For big deployments in my case, i only use CEPH, with redundant switches. Works flawlessly. But if you bought vmware-only storage than this is maybe not feasible for you.

dlmw89 · Dec 16, 2024

ness1602 said:
For big deployments in my case, i only use CEPH, with redundant switches. Works flawlessly. But if you bought vmware-only storage than this is maybe not feasible for you.

OK, what's a big deployment in your case? Also how fast is the network connection you are using, 25 GbE, 100 GbE or even faster?

I have lot's of experience with CEPH but only with a fraction of the capacity needed now, about 30-40TB. With capacity needs which are 20 times more, I'm fairly concerned about CPU time needed and also about performance and stability, if you scale up CEPH to hundreds of TBs.

pvps1 · Dec 16, 2024

cannot help but may I ask you to post your solutions when ready?

you can rarly test such big setups and your experience would be helpfull

dlmw89 · Dec 16, 2024

pvps1 said:
cannot help but may I ask you to post your solutions when ready?

you can rarly test such big setups and your experience would be helpfull

Sure, I'll post details of the solution. ;-)

ness1602 · Dec 16, 2024

dlmw89 said:
OK, what's a big deployment in your case? Also how fast is the network connection you are using, 25 GbE, 100 GbE or even faster?
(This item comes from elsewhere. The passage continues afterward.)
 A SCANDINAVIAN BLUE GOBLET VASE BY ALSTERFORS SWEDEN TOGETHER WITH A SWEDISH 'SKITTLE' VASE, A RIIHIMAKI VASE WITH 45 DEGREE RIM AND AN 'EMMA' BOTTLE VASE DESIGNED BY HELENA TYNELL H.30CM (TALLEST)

I have lot's of experience with CEPH but only with a fraction of the capacity needed now, about 30-40TB. With capacity needs which are 20 times more, I'm fairly concerned about CPU time needed and also about performance and stability, if you scale up CEPH to hundreds of TBs.
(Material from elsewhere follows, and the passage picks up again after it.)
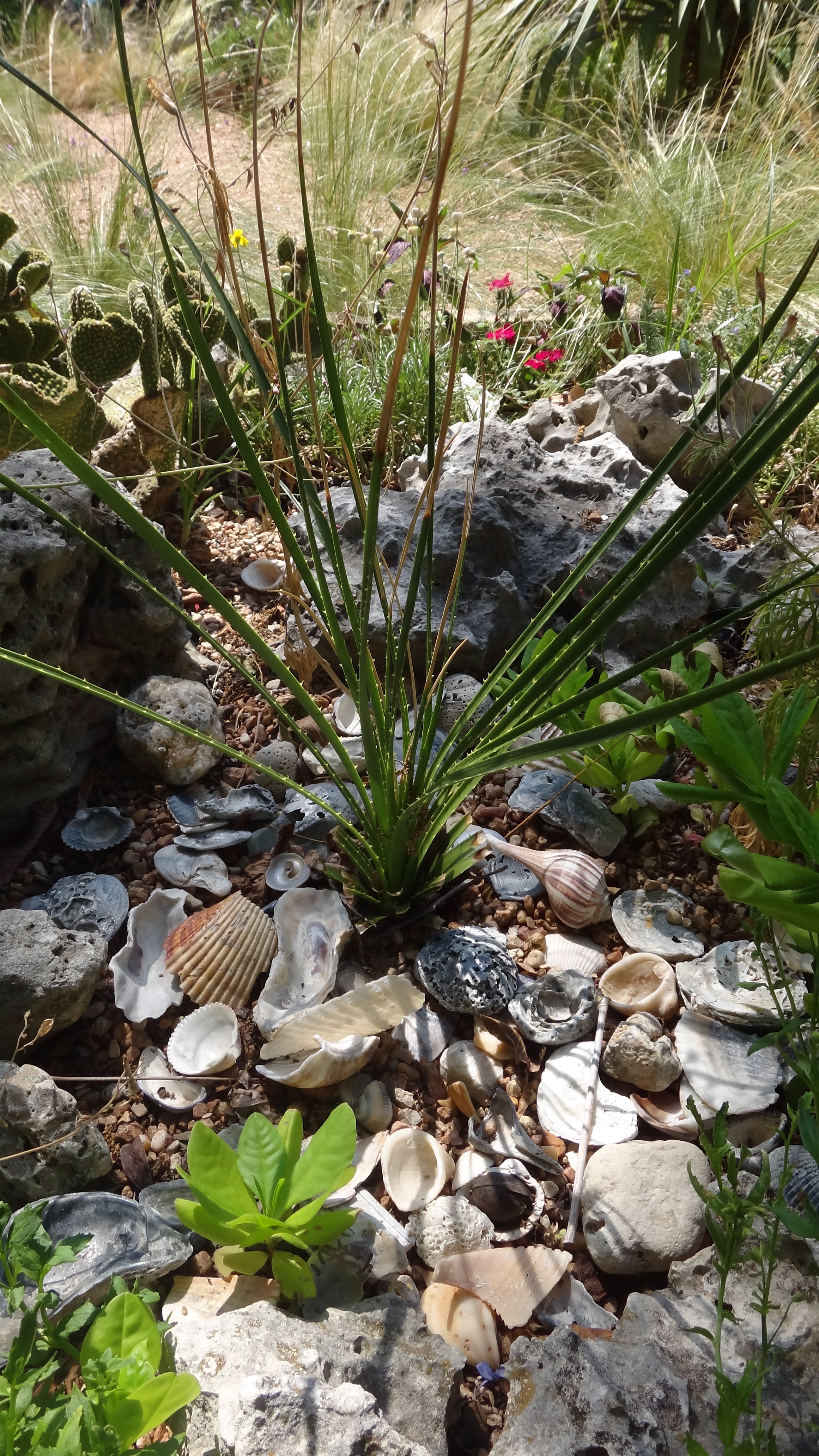 Our vacation shells have all been poured out around these baby jewels of Opar and this juvenile pinwheel sotol, the shells are a welcome reminder of our cooler and relaxing days spent at the beach. My brief holiday reprieve was immediately tempered on my return with an immediate 100+ degree jolt back into garden install reality. With my iced turban tying skills apparently lacking finesse (lack of practice), I have been forced to adapt to our current heated Texas temperatures the hard way…with a wayward turban combined with some plain old-fashioned hard work in the sun.

Big deployments are ceph storages > 100TB i think in my case. We usually start with 10g, but now are moving to 40g, and probably next year to 100g ,because the equipment is finally afordable. For corosync 1gb is enough, and everything is redundant through bonding .
Stability is okay, i don't usually go for more than 20 nodes , i tend to break clusters up just in case.
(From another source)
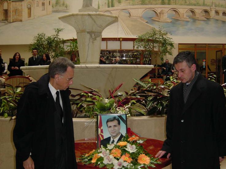 OSCE Chairman-in-Office, Bulgarian Foreign Minister Solomon Passy (right), and Carlos Pais, Head of the OSCE Spillover Monitor Mission to Skopje, pay tribute to the late Macedonian President Boris Trajkovski at a funeral service in Skopje, 5 March 2004.

Alwin Antreich · Dec 16, 2024

dlmw89 said:
OK, what's a big deployment in your case? Also how fast is the network connection you are using, 25 GbE, 100 GbE or even faster?

I have lot's of experience with CEPH but only with a fraction of the capacity needed now, about 30-40TB. With capacity needs which are 20 times more, I'm fairly concerned about CPU time needed and also about performance and stability, if you scale up CEPH to hundreds of TBs.

I can second @ness1602 's answer. Though I'd go for 2x 25 GbE, they usually have better latency over the 40 GbE NICs. And it is not unusual to see multiple 100 TBs on a hyper-converged PVE+Ceph cluster. But at some point a move off of the hypervisor will be feasible/necessary to maintain the client latency.

pvps1 · Dec 16, 2024

I would not scale a hyperconverged proxmox ceph-cluster to this storage capacity. though proxmox ceph is convenient and very well integrated, corosync (aka the pve-cluster per se) doesn't scale well.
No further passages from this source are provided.